ABOUT THIS TASK >>
When you copy from the entries that follow, take only the lines from the one with "Abito al ginocchio" down to the one with "孕婦裝 - 01710017", keeping both ends and dropping every picture.

RAW DATA >>
== Segment start ==
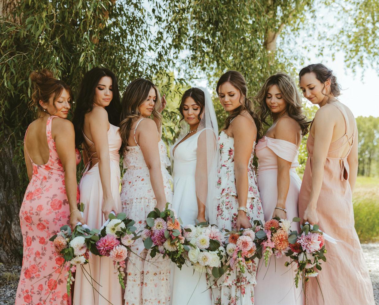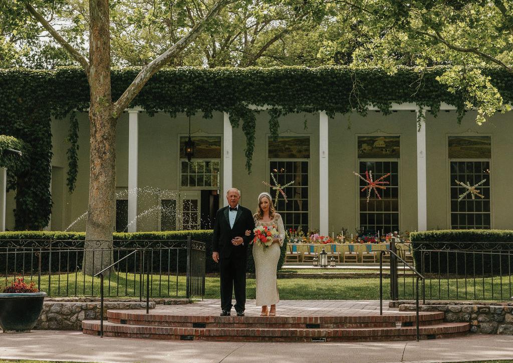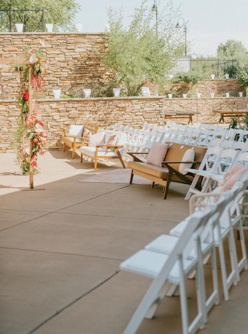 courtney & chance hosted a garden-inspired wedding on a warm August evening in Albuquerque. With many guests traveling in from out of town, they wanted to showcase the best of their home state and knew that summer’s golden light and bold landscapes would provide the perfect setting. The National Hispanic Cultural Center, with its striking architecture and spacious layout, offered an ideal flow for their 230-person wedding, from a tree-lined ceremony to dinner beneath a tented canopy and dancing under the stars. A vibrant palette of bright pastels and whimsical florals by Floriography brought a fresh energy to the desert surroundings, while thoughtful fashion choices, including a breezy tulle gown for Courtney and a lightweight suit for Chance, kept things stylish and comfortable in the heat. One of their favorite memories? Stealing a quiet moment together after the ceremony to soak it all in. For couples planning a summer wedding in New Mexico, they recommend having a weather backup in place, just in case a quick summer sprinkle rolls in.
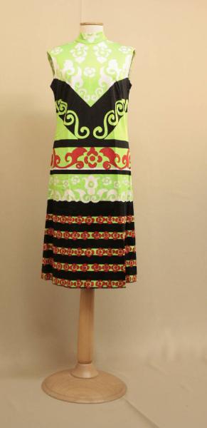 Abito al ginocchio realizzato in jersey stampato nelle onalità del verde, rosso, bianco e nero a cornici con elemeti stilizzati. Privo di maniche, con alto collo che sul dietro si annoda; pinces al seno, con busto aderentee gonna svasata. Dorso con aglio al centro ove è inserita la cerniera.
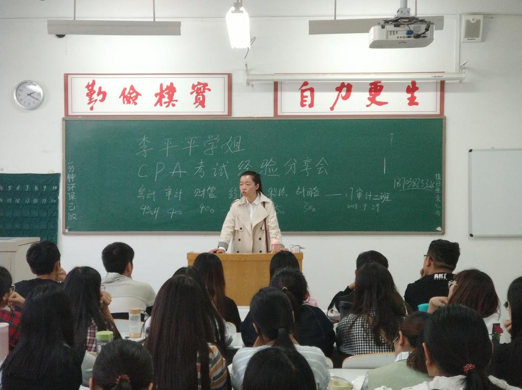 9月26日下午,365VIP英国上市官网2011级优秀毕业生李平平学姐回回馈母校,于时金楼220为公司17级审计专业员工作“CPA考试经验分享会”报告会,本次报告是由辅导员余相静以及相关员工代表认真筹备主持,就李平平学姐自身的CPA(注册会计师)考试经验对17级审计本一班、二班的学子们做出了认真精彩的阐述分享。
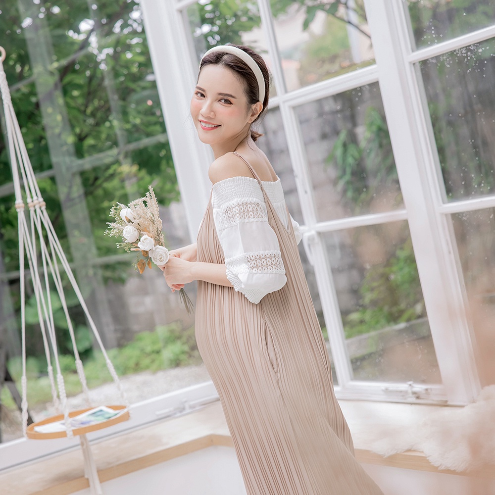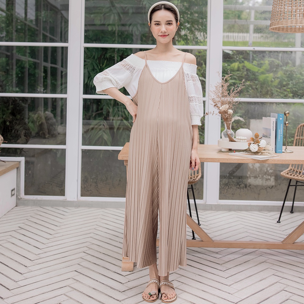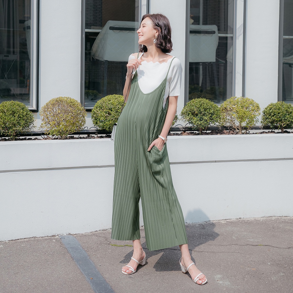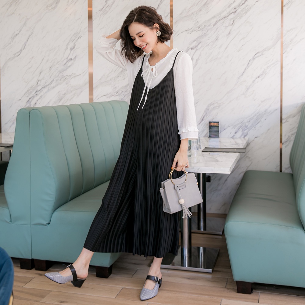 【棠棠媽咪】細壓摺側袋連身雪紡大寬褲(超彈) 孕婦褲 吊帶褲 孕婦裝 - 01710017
== Segment end ==
== Segment start ==
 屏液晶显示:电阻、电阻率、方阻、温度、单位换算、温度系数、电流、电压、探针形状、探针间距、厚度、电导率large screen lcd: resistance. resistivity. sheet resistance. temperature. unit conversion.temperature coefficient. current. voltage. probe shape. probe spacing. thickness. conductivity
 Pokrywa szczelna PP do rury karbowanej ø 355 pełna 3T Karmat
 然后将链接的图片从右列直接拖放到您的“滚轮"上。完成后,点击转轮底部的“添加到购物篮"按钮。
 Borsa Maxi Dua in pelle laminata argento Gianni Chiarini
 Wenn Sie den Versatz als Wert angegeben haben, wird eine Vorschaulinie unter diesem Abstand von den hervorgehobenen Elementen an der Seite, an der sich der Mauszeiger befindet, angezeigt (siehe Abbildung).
== Segment end ==
== Segment start ==
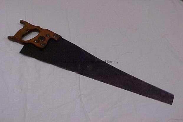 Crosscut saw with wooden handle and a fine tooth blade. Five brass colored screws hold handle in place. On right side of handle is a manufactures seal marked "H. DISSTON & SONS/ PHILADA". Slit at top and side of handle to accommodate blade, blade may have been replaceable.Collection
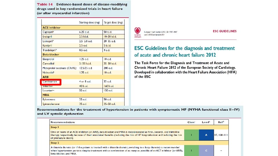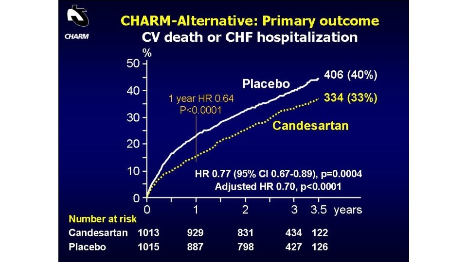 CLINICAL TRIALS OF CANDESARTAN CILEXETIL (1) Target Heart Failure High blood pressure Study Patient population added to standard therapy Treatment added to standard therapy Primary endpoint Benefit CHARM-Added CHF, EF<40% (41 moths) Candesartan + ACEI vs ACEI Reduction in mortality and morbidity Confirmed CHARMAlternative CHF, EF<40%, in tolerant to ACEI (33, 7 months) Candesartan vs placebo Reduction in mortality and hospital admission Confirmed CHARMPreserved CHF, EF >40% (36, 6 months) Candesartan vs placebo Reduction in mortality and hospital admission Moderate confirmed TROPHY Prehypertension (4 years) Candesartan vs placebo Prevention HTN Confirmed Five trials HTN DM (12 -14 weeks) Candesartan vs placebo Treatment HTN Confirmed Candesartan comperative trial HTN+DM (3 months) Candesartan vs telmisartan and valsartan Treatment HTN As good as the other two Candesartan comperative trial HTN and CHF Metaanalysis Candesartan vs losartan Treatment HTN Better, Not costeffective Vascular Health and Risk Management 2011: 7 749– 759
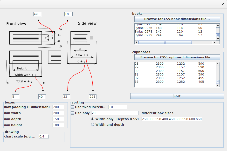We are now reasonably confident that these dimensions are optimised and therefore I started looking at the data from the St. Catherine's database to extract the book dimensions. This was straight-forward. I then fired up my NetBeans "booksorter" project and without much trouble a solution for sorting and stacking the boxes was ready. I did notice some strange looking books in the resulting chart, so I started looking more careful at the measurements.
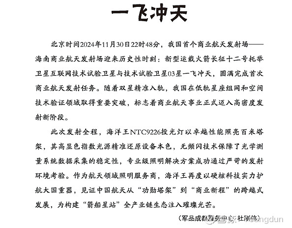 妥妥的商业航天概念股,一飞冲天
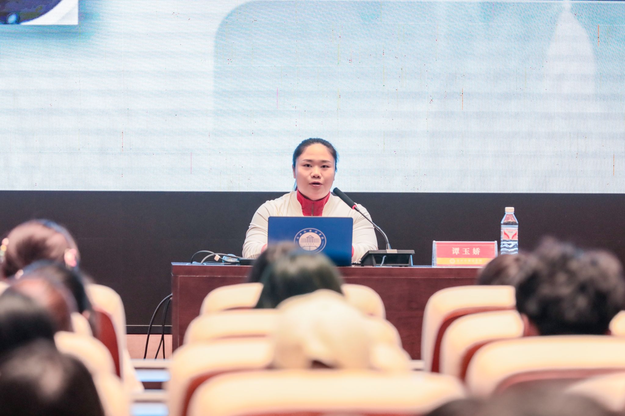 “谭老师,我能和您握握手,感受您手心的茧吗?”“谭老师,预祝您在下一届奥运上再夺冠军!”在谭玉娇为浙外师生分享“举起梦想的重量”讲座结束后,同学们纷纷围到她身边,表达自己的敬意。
== Segment end ==
ANSWER SECTION >>
 Abito al ginocchio realizzato in jersey stampato nelle onalità del verde, rosso, bianco e nero a cornici con elemeti stilizzati. Privo di maniche, con alto collo che sul dietro si annoda; pinces al seno, con busto aderentee gonna svasata. Dorso con aglio al centro ove è inserita la cerniera.
 9月26日下午,365VIP英国上市官网2011级优秀毕业生李平平学姐回回馈母校,于时金楼220为公司17级审计专业员工作“CPA考试经验分享会”报告会,本次报告是由辅导员余相静以及相关员工代表认真筹备主持,就李平平学姐自身的CPA(注册会计师)考试经验对17级审计本一班、二班的学子们做出了认真精彩的阐述分享。
 【棠棠媽咪】細壓摺側袋連身雪紡大寬褲(超彈) 孕婦褲 吊帶褲 孕婦裝 - 01710017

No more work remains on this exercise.